In three months, Zilberman’s two years in the ATI incubator will be completed, and he is emerging with bright prospects.

The stainless steel crowns are sold in 72 different sizes – the dentist chooses the size that his closest to the child’s tooth. Zilberman’s prototype set has 24 sizes.

“I’ve tested them on model teeth, they have undergone toxicity and allergenic tests,” he says.

His current step is a small-scale clinical trial. He has contracted with a chain of dental clinics within Israel for use of his crowns.

“It was very important to me to get out of the laboratory and get the reaction of what I call ‘the wet-fingered dentist.’ After all, in the end, we will be selling the crowns to regular dentists, not scientists or specialists. I am happy to say that they have been using them for a month, and the results have been excellent. The dentists have been pleased with how easily they can be used and obviously the parents and the children are very happy with the aesthetics.”

The FDA approval process, he says, was extremely simple, since the material is already being used in other products, and the shape of the crowns he is using are the same as their metal counterparts.

It should be a short time before they are available to American children, he says. “Now we are at the end of our incubator period, we are negotiating with the two major dental companies in the US and one in Europe that both manufacture and distribute these kinds of devices.”

Zilberman lives in the suburban town of Nes Ziona with his wife, children, three dogs and one cat.
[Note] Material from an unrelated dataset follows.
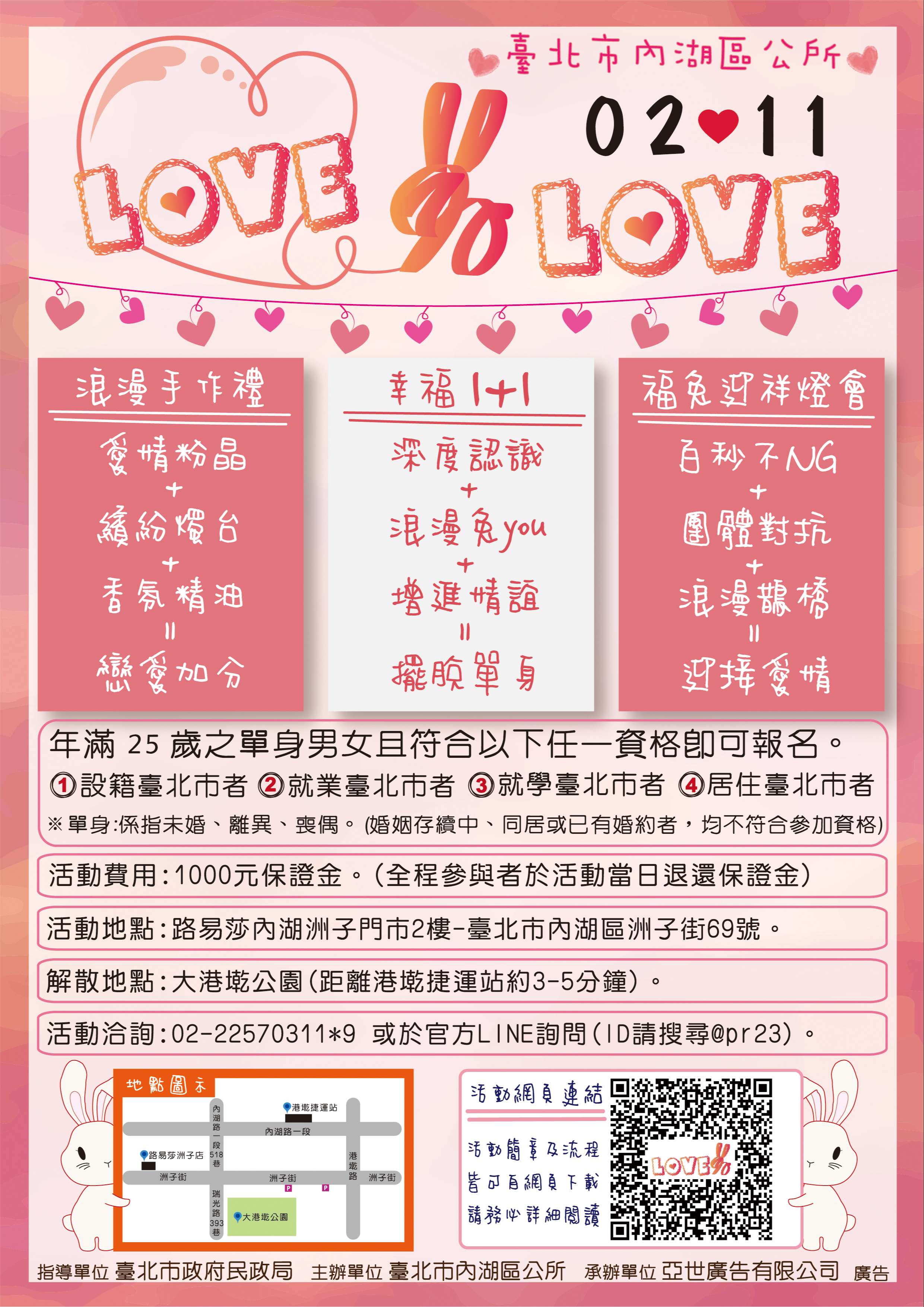 臺北市內湖區公所將於112 年2月11日(六)下午12時30分至19時舉辦單身聯誼活動, 活動名額為男、女性各20人,共40人,歡迎年齡年滿25歲 以上,設籍於本市或於本市就業、就學或居住之未婚市民 踴躍報名參加,詳情請見內湖區公所官網最新消息或電洽 (02)27925828轉605內湖區公所洪小姐。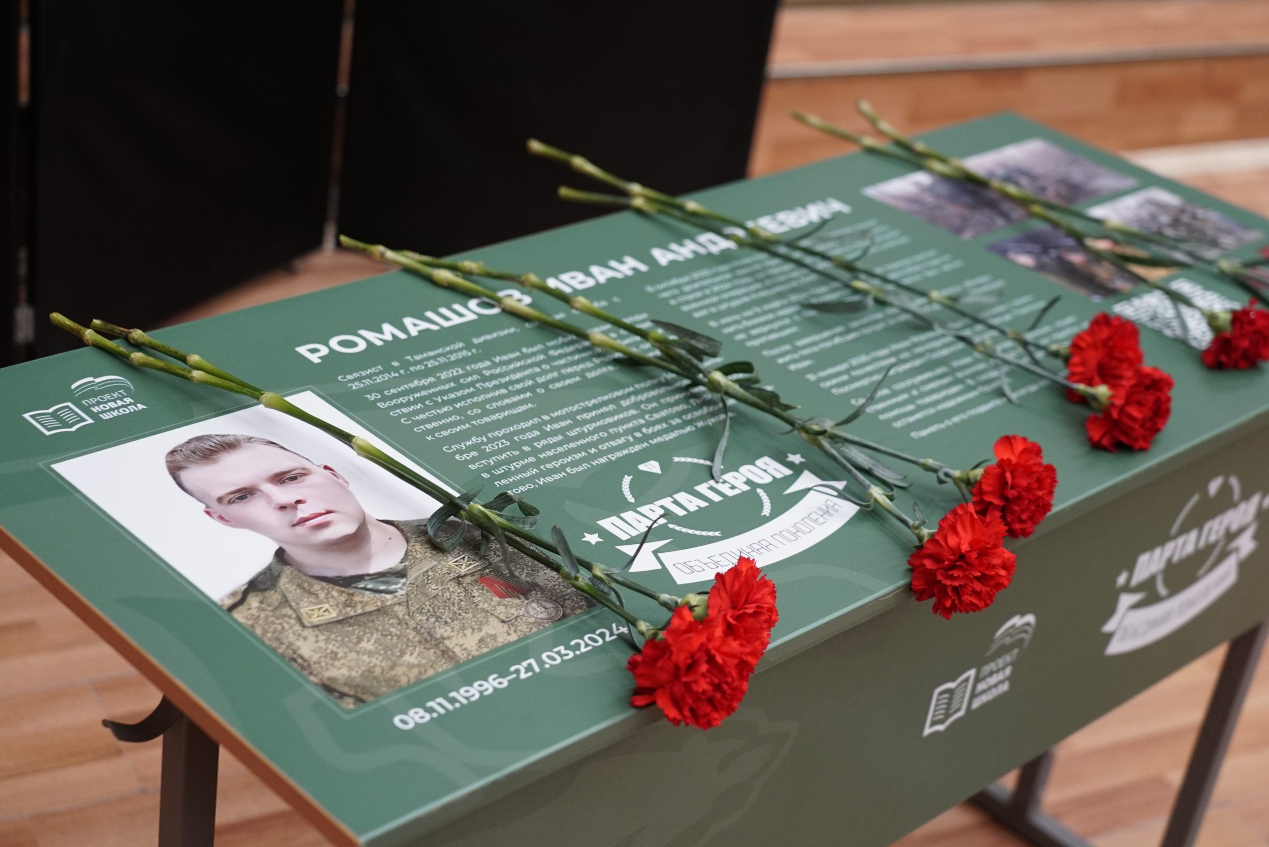 В школе № 86 имени М. Е. Катукова на северо-западе Москвы «Единая Россия» открыла Парту Героя в честь героически погибшего выпускника, участника СВО Ивана Ромашова.

Don’t expect him to use the money he will earn from his company’s sale to take a long vacation, he warns.

“I’m too restless. I’m always looking for new things and after this is sold, I have a lot of other ideas that have been waiting for the money and the right time.”

Money won’t be an issue – but with his dental practice, teaching and research obligations at Hebrew University, finding the time will still be a challenge.

“I joke that my next incubator project should be research on how to somehow elongate the day beyond 24 hours,” he says with a laugh. “The only thing in life I don’t seem to have enough of is time.”